Bad bank executives need more oversight from regulators


The failures of Silicon Valley Bank and Signature bank have set off the blame game in the tech industry, the banking industry, and Congress. Some say there weren’t enough regulations. Others say there were plenty, but regulators just didn’t act on reports of a liquidity crisis at SVB. Cryptocurrency advocates say centralized banking was to blame. Crypto skeptics argue the recent cryptocurrency scandals conditioned people to panic at the first sign of trouble.

Straight Arrow News contributor Rashad Richey says he agrees with the folks who say regulators need to do more regulating.

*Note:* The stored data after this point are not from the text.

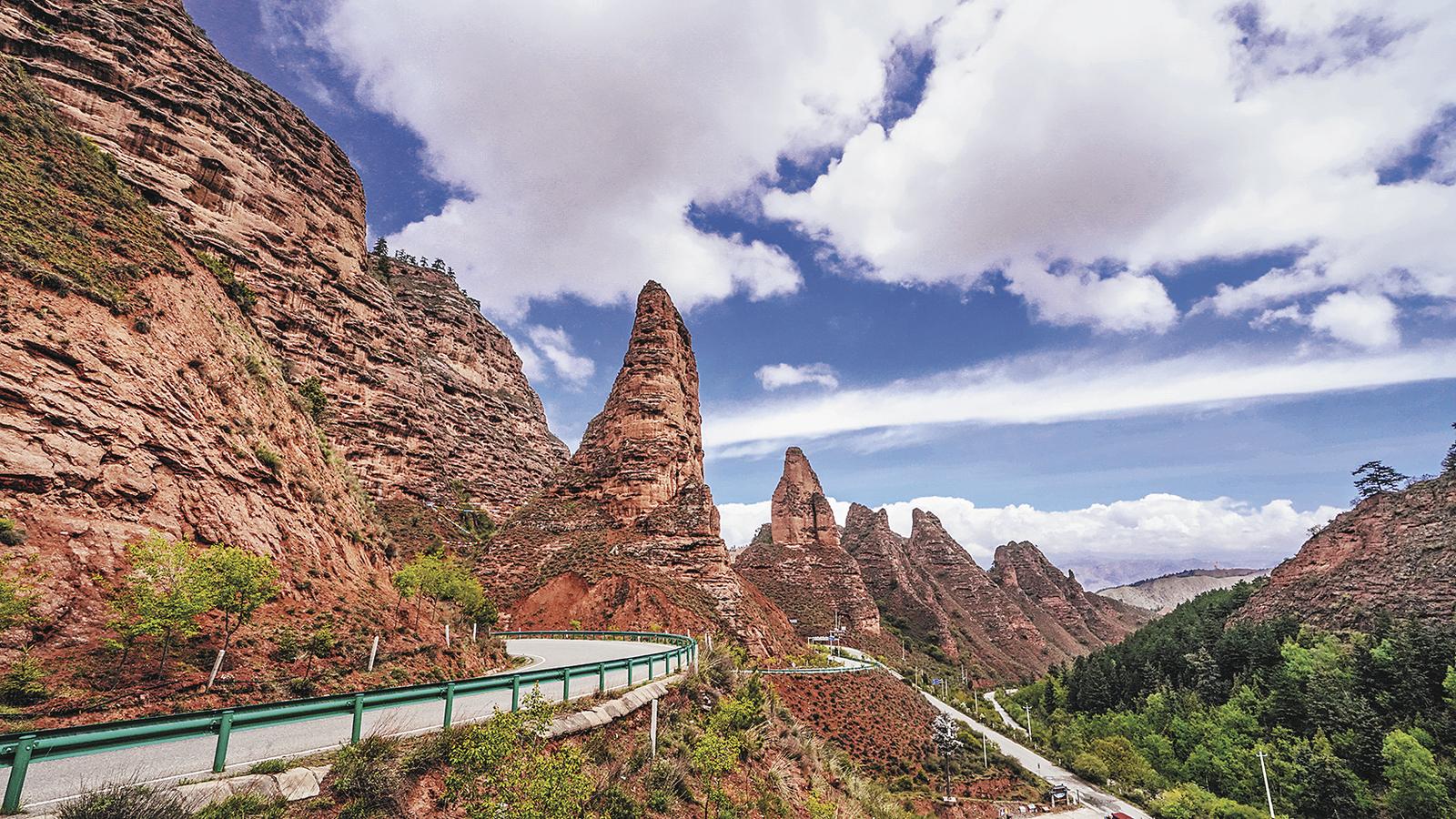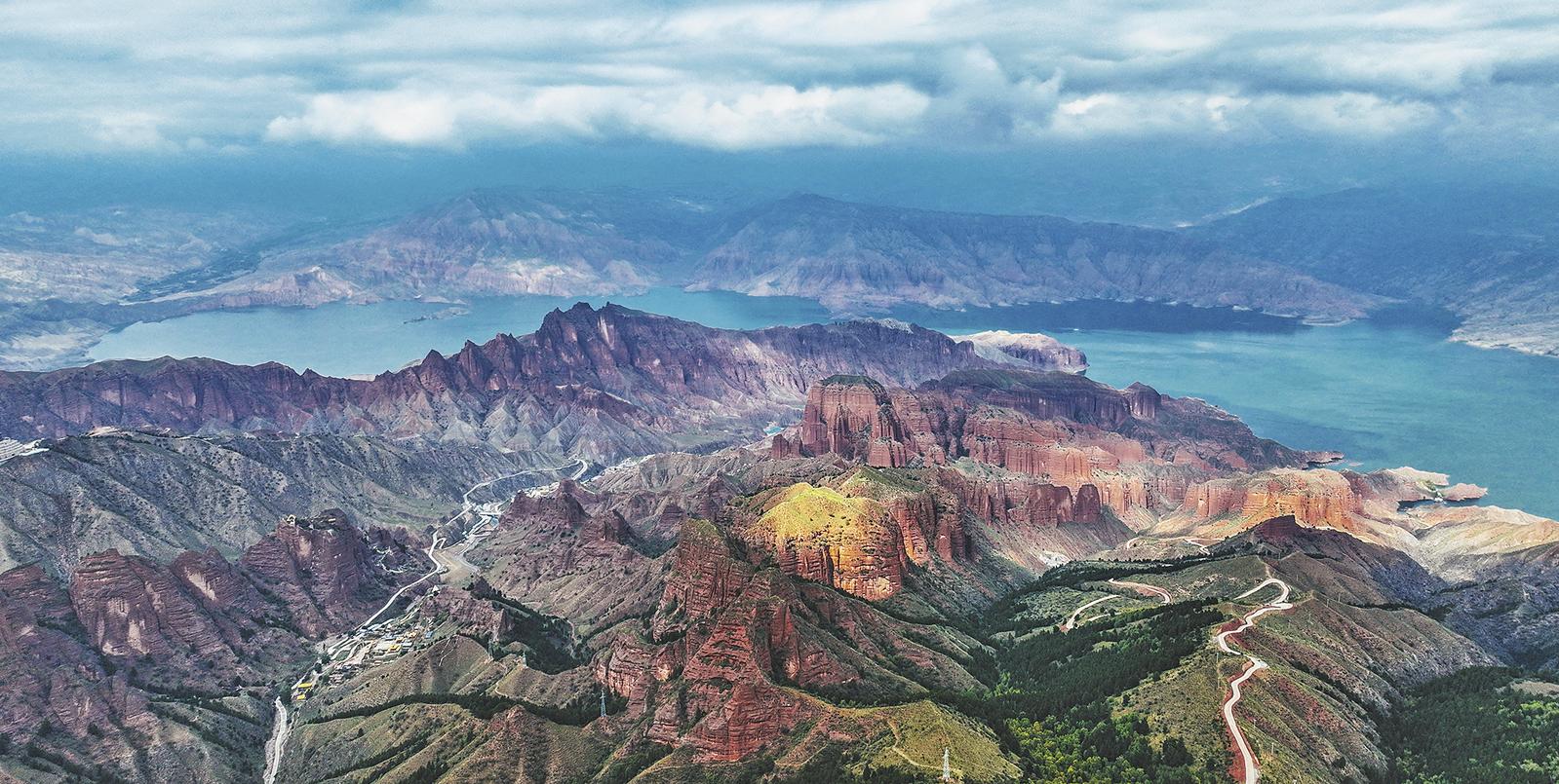 春風(fēng)輕拂,赤紅山脊在晨光中熠熠生輝,丹霞地貌的溝壑間仿佛鑲嵌著點點碎金。黃河在丹霞群峰間蜿蜒流淌,如一條翡翠綢帶。高原云杉在崖縫間挺立,枝頭簇?fù)?,迎接晨曦?/p>
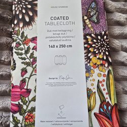 Färgglatt tyg med ett livfullt mönster av tropiska löv och frukter. Tyget är fållat runt om men skarvat på mitten utan mönster passning. Måtten ca 178x142cm. Gott använt skick. Hitta på något kul! Kommer inte ihåg vad jag använt tyget till möjligtvis som duk.
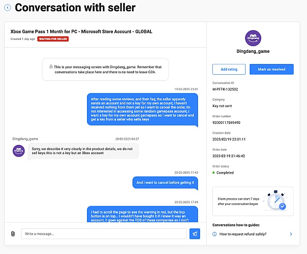 I purchased what I thought was a Game Pass key, but it turned out to be an Xbox account. As soon as I noticed the mistake, I requested a cancellation and refund immediately. G2A ignored my requests and instead, the seller claimed they couldn't help. I was forced to open a chargeback via PayPal, but PayPal sided with the seller, allowing them to keep my money. On top of that, I still haven't received the product I paid for because it's on hold. It's been a frustrating experience with no resolution. I do not recommend G2A due to their terrible customer service and unfair practices.
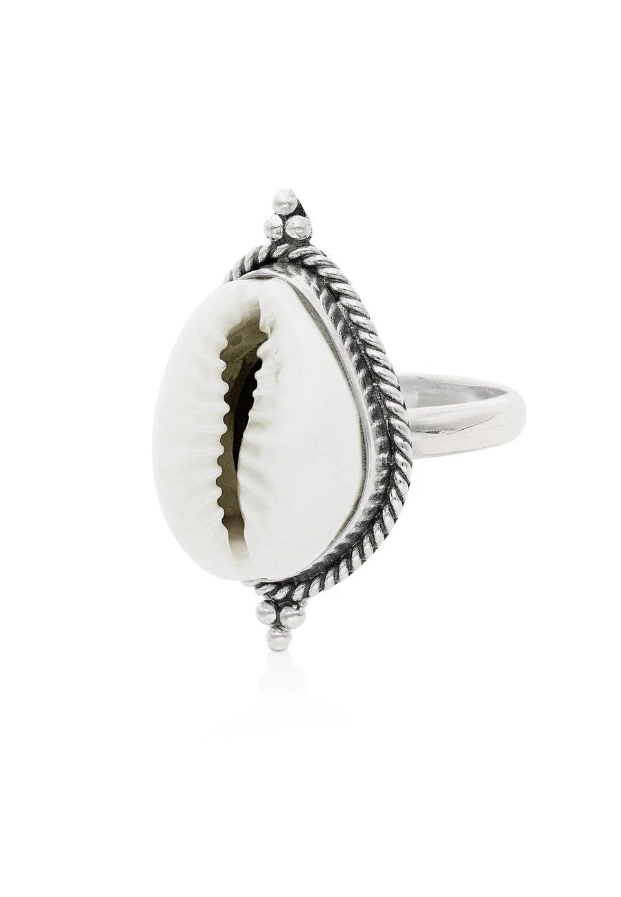 El diseño del SAGARA se centra en destacar la concha natural, rodeada por una fina línea de plata entrelazada y tres bolitas pequeñas en la parte superior e inferior del anillo.
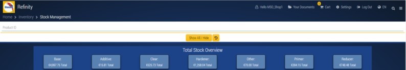 Chào mừng bạn đến với nền tảng Refinity mới của chúng tôi, nền tảng này sẽ giúp bạn quản lý hoạt động kinh doanh sơn của mình. Hướng dẫn này sẽ hiển thị cho bạn "Quản lý tồn kho" (Refinity - Inventory management). Nếu bạn cần hỗ trợ thêm, vui lòng liên hệ với các chuyên gia của Glasurit Việt Nam.
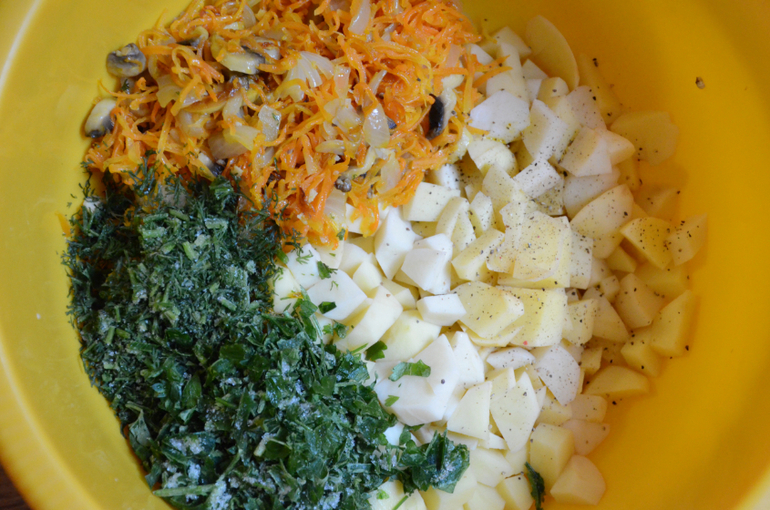 4) Помещаем нашу овощную смесь в миску с картофелем, добавляем зелень, майонез (лучше приготовьте свой вегетарианский) или сметану, солим по вкусу, перемешиваем.

Okay, don’t mess with my money. Everyone should have that attitude. But let’s be clear about what’s happening now: multiple banks failing due to actual policy connected to deregulation in the United States of America.

President Biden: he says everything’s okay. Your money is safe, everybody will be made whole. But that’s not the issue, is it? The issue is, is the principle still in place to allow bank executives to not only (a) manipulate the system, so they can get a bunch of money, and (b) at the same time of their manipulation, not adhere to the design of their job? They are literally in position to manage risk, to understand them when they come, to be able to shift and adjust, given their level of expertise. 

This is Banking 101. They should have seen this coming. Now, in a normative context, not a big deal. Deposits are secure. But when you have rising inflation, you must check these elements of the market regularly. This is part of your job.

Now, I’m with Senator Elizabeth Warren on this. You see, Senator Warren said that, of course, tools existed to stop this from happening. She said, “But the change in the law in 2018 was an open invitation from Congress for the Fed to weaken all of those rules, vote to eliminate some of them, and to make the others much, much softer than they had been.”